Residents and community ownership
Linda Wade, Liberal Democrat councillor for Earls Court and founder of the Earls Court Area Action Group representing businesses and residents across the 77 acres, says the group has requested to meet with Delancey to discuss proposals.
“ECAAG would like to see a range of housing options,” she says. “We need to see social-rented housing, London affordable rents, market homes, market rent – something that actually replicates the socio-economic demographics of Earls Court.”
Wade adds that the group was “delighted” at the council taking back the West Kensington and Gibbs Green estates. But she notes: “It does have some drawbacks because of the connectivity.”

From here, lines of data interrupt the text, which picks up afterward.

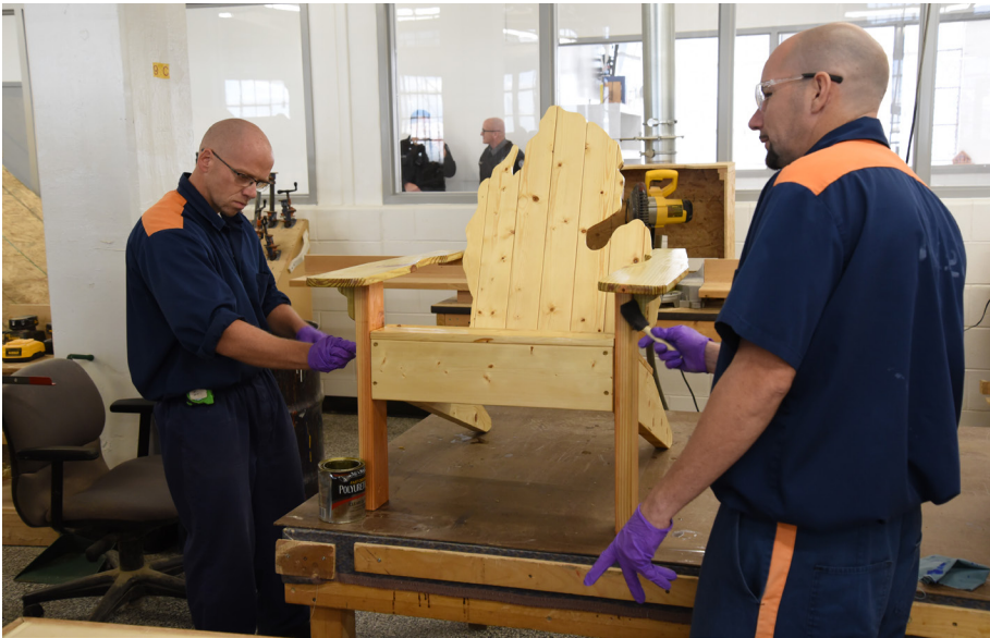
Building trades students at the Parnall Correctional Facility Vocational Village put the finishing touches on a handmade chair.
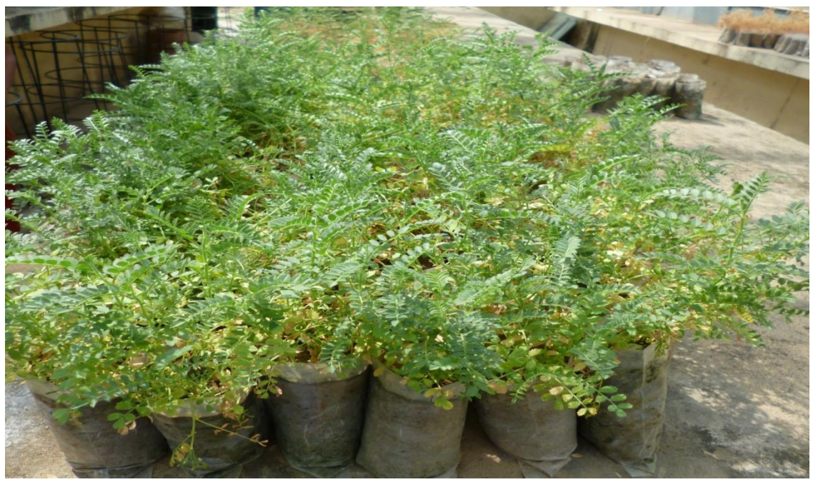
Plate 1:- Pot culture experiment conducted under glass house conditions variety (GPF-2)
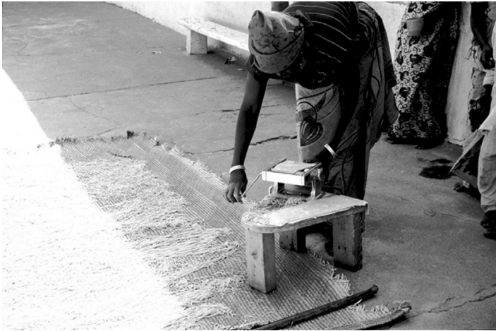
FIGURE 3 Photograph 17, ' Talia '. A palace concubine makes talia or spaghetti using a modern device. Talia has been known in Kano for probably hundreds of years. The word derives from Italy or 'Italia'. Wheat is a delicacy consumed mostly by aristocracy. In the 1500s Kano was one of the three most important cities of Africa and a renowned entrepôt intersected by several major trans-Saharan trade routes. Trans-Saharan traders stayed in North and West African towns for months or years at a time, establishing families and kinship networks. Likewise, North and West African Islamic merchants and scholars travelled southward, establishing themselves in villages and towns, including Kano. Talia 's presence in Kano shows how vital precolonial Kano–Mediterranean connections were, connections the British severed after their conquest of 1903.

The third photograph used to evince a concubine presence and concubine histories and labours was Photograph 17, ' Talia ' (Figure 3). Here we see a concubine named Asmau bent over at the waist, her head pointed towards us, her face thus obscured. Her right hand reaches out and turns the crank on a shiny new manual spaghetti maker, out of which stream noodles. In front of her left leg is a small stool upon which sits a sheet of rolled-out spaghetti dough, ready to be made into spaghetti after she finishes with the first sheet. Off to her right on the ground is a straw mat upon which are reams of spaghetti strands drying in the sun, waiting to be collected up and sold. The catalogue caption tells the viewer that talia is the Hausa word for spaghetti, a noodle probably introduced into Kano centuries ago as a result of trans-Saharan Mediterranean trade where goods from Italy (hence, talia ) could be obtained. A primary source from
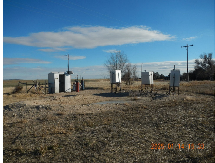
10. Gathering location overview.
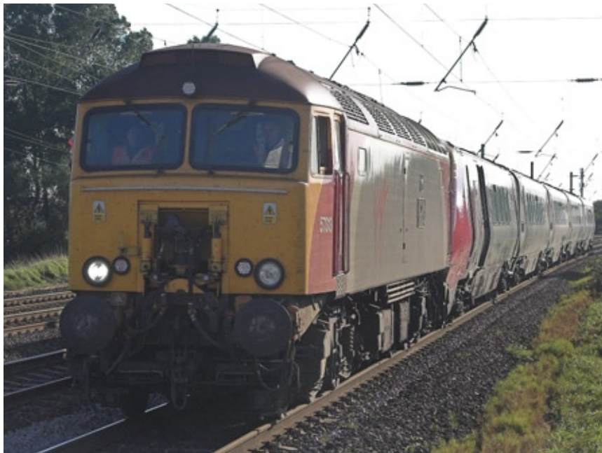
BELOW: Late afternoon the following day and Class 57/3 No. 57313 Tracy Island prepares to move the damaged Voyager into York, finally clearing the line, nearly 20 hours after the accident.
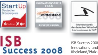
ISB Success 2008, awarded by Innovations- und Strukturbank Rheinland/Pfalz (ISB), Germany
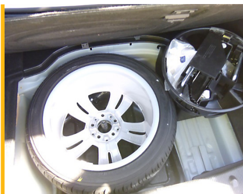
Look for egg masses and insects on spare tyre. Vacuum tyre tray.

Clean interior areas of a vehicle including the boot/trunk, between and under car seats, ceiling areas, floor surfaces, side panels, all compartments, the spare tyre and storage area.
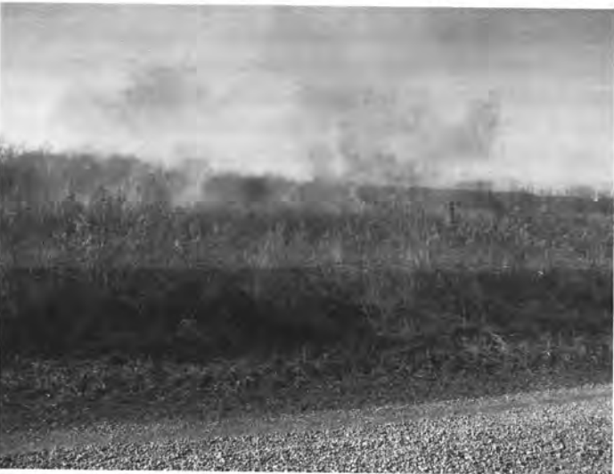
On December 5th, the second attempt to burn the prairie at Jackpot Pond was a little more successful with about 1/3 of the prairie burned.
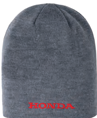
CORPO REVERSIBLE 243-0506042-03 Pris: 198,-
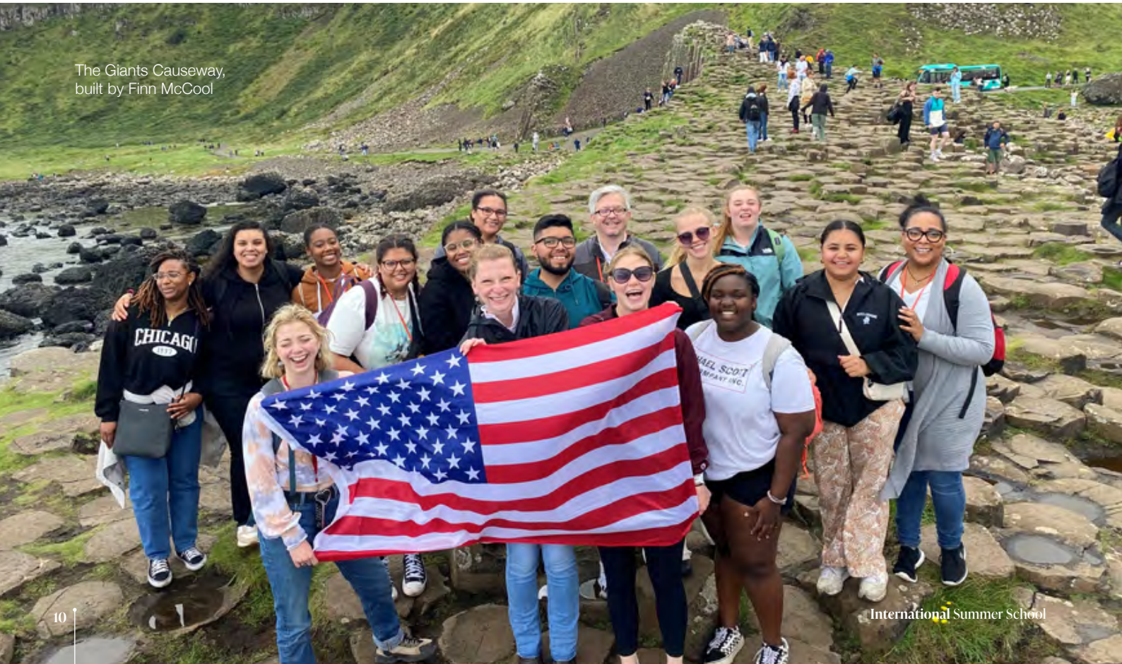
The Giants Causeway, built by Finn McCool
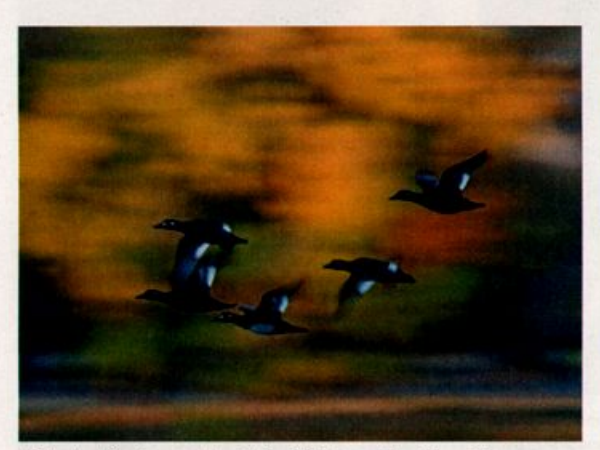
White-winged Scoter, a rare migrant in South Dakota, was detected once this season—this flock of five at Pierre 22 October 2005.
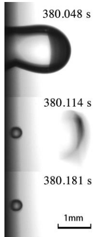
Figure S3. Sequence of pictures of a 2 \mu\text{L} pulled water drop that mostly moved slowly at the first stage (c.f. Figure 4) so that by the time it finally reached the third stage, it flew away instead of sliding down. (Video 3)
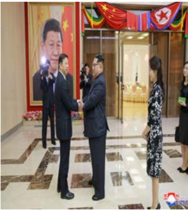
North Korean leader Kim Jong Un greets Song Tao, head of the Chinese Communist Party's international liaison department
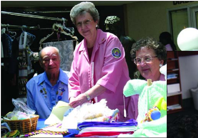
Using My Talents and Helping Others
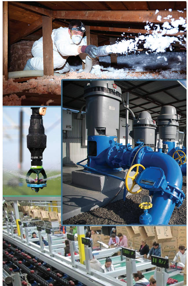
BPA partners with Northwest publicly-owned electric utilities to develop programs and incentives that encourage more efficient energy use in homes, businesses, industrial facilities and by Northwest farmers, growers and irrigators.

Why would the region's largest power marketer want to save energy? BPA's mission is to provide reliable power at low rates. Energy efficiency is the most cost-effective way to meet our customers' power demands. Plus, it complements our clean power portfolio, which includes marketing carbon-free power from 31 federal dams on
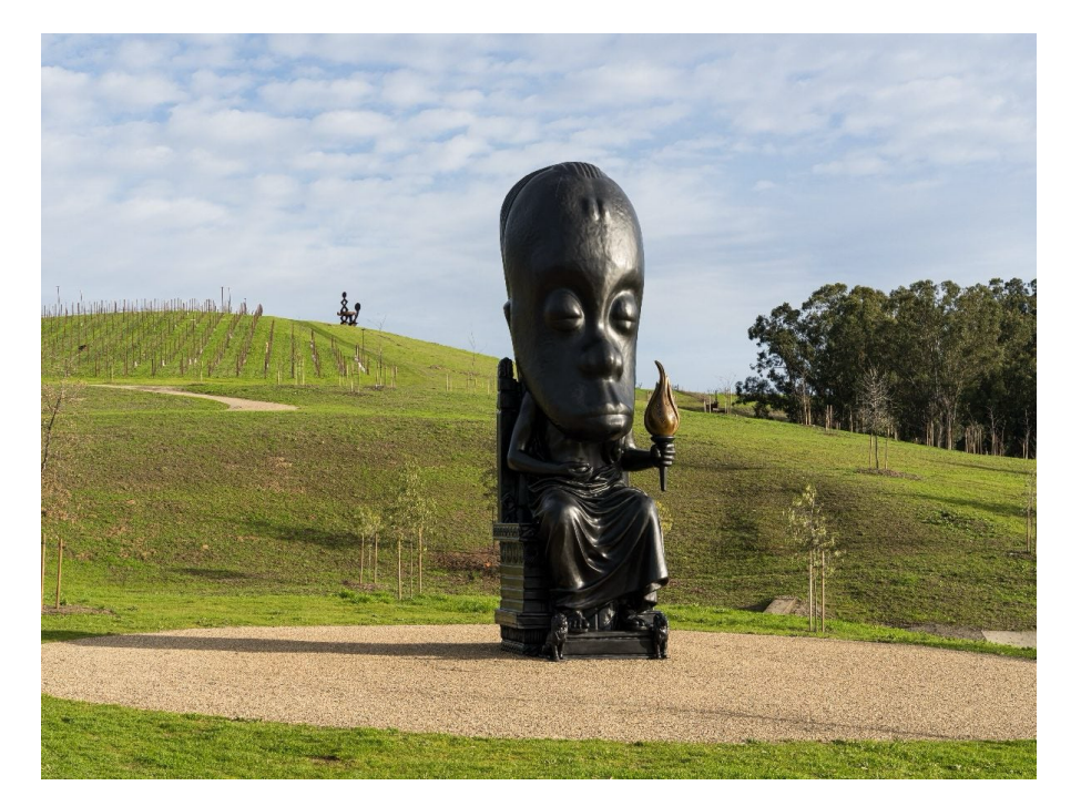
Sanford Biggers' 'Oracle' (2021) at The Donum Estate.

Closing off the estates to any redevelopment threatens creating a 20-acre barricade as development proceeds on the site of the former exhibition centre. “That is a problem because as soon as you introduce an uplift in the population you have to think about traffic movement, on the road and on the Tube,” says Wade.
“Everybody wants the people to be secured now; the conditional land sale agreement was supposedly the reason why we couldn’t,” says Jonathan Rosenberg, community organiser for the estates. “There is now no barrier to getting on with the community ownership process.”
In July, then housing minister Kit Malthouse backed Hammersmith & Fulham Council’s rejection of West Kensington and Gibbs Green Community Homes’ bid to take control of the housing stock. The Ministry of Housing, Communities and Local Government said the transfer would have a “significant detrimental impact on the regeneration” and noted that the group did not meet the criteria for a tenant group.
Cowan says: “We would work with a tenants’ association and directly with the residents, but we will not be working with anybody else.”
Jackie Sadek, chief operating officer at UK Regeneration, says: “That is just the wrong position really. They should put the two estates into community ownership and take a leaf out of Kensington & Chelsea’s book.”
The Royal Borough of Kensington & Chelsea has embarked on a programme of community ownership in the wake of the tragedy at Grenfell Tower.
“It would be a far more progressive, sustainable solution and would allow the residents to have skin in the game and take pride and ownership in their homes,” Sadek says. “That way I think you would get far more buy-in from the residents for whatever Delancey wants to do with the wider site.”
As Capco finally sheds Earls Court and moves on to its “trophy asset”, the Covent Garden REIT, a takeover bid from institutional funds is seen by some analysts as likely. For Delancey, the future may be less predictable as it takes the helm at Earls Court, juggling the demands of investors, councils and residents against the backdrop of an evolving residential market.